▶ **Instructions for the task**
Please retype the listing below word for word and exclude its images.

▶ **Exercise data**

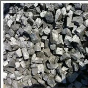
Ferro Silico Manganese
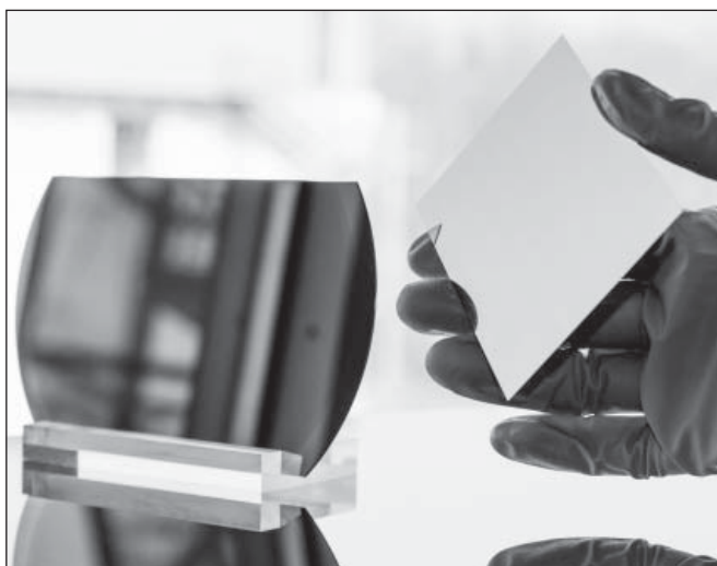
Wafers are detached during the new process (right), leaving the reusable substrate (left). © Fraunhofer ISE | Picture in color and printing quality: www.fraunhofer.de/ press

Further information: http://www.nexwafe.com/

▶ **Response**
Ferro Silico Manganese
Wafers are detached during the new process (right), leaving the reusable substrate (left). © Fraunhofer ISE | Picture in color and printing quality: www.fraunhofer.de/ press

Further information: http://www.nexwafe.com/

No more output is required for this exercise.